First, they all change the type of the index function, either to return an option, or take an additional argument (either a default value or a proof).

Returning an option or taking a default value is cumbersome when one "knows" the index is bounds, because one is still forced to consider the case that it might not be.

Returning an option is especially cumbersome, because callers are forced to handle a return type that is not the same as list elements. They may have to introduce pattern matches to "extract" the value from the option, and then do something reasonable in the case when none is returned.

When taking a default value, one also typically needs a lemma that says "if the index is in bounds, then the default value doesn't matter", to allow reasoning about applications of the index function with different default values.

Requiring a proof that the index is in bounds in Coq is also cumbersome because it typically requires explicit manipulation of proof terms. Furthermore, the function typically needs to be shown to be proof irrelevant, so that it is easy to manipulate it as a function of just the non-proof arguments.

In Dafny, there is another way to implement the fourth solution, by using a partial function (a function with a nontrivial precondition). Callers of the function are obliged to prove the precondition at all callsites.

A major advantage of the Dafny version of this solution is that it does not change the type of the operation.

Dafny implements these precondition checks as part of a so-called "well-formedness" check on all programs, which is conceptually separate and prior to verification.
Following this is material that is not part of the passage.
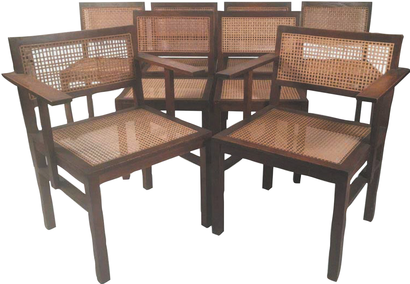
A SET OF 8 BAUHAUS PERIOD DINING CHAIRS IN OAK WITH RECTANGULAR CANED BACKS AND SEATS, COMPRISING 2 ARM CHAIRS AND 6 SIDE CHAIRS, GERMAN, CIRCA 1920s.

Like verification conditions, the well-formedness check is dispatched to Z3. Since most well-formedness checks are obvious, this works well.

A Dafny expression is well formed if (roughly speaking) the preconditions of all partial functions called by the expression are true.

In practice, expressions with well-formedness checks are convenient to work with, because:

  • They allow functions to pass the obligation of handling some edge case to their caller.

    For example, by giving the list indexing operator the appropriate precondition, the implementation can avoid saying what to do if the index is out of bounds.

  • They allow modeling only some of the behavior of an external system.

    For example, we can expose a low-level, unsafe array indexing operator by saying that it is an external function with a precondition requiring the index to be in bounds.

  • The types of the operations don't change, allowing natural-looking programs that compose well.

Deliverables

  • Syntax and operational semantics of ILLPL, a core calculus based on Dafny that supports verification and well-formedness checks.

  • A formalization of the well-formedness check and VC generation for ILLPL.

  • A soundness theorem saying that verified programs don't go wrong.

  • A translation of ILLPL into WELLPL, a core calculus based on Boogie, in which well-formedness is syntactic.

  • A proof that the translation correctly translates ILLPL well-formedness into WELLPL verification conditions. Thus, the translation gives a way to implement ILLPL using traditional FOL techniques without any notion of ill-formed expressions.

Motivating Example: Insertion Sort on Lists of Integers

fun insert(a, xs) =
    if xs == [] then
        [a]
    else if a <= xs[0] then  // notice that xs[0] is allowed here because
                             // we are in the else branch of xs == []
        [a] + xs
    else
        [xs[0]] + insert(a, xs[1..])

fun sort(xs) =
    if xs == [] then
        []
    else
        insert(xs[0], sort(xs[1..]))

fun sorted(xs) =
    // note xs[i] and xs[i+1] wf due to range hypothesis
    forall i. 0 <= i < |xs|-1 ==> xs[i] <= xs[i+1]

fun insert_sorted(a, xs)
    requires sorted(xs)
    ensures _. sorted(insert(a, xs))
=
    if xs == [] then
        ()
    else if a <= xs[0] then
        ()
    else
        insert_sorted(a, xs[1..])

fun sorted_sorted(xs)
    ensures sorted(sort(xs))
=
    if xs == [] then
        ()
    else
        let _ = sort_sorted(xs[1..])  // establishes insert_sorted precondition
        in insert_sorted(xs[0], sort(xs[1..]))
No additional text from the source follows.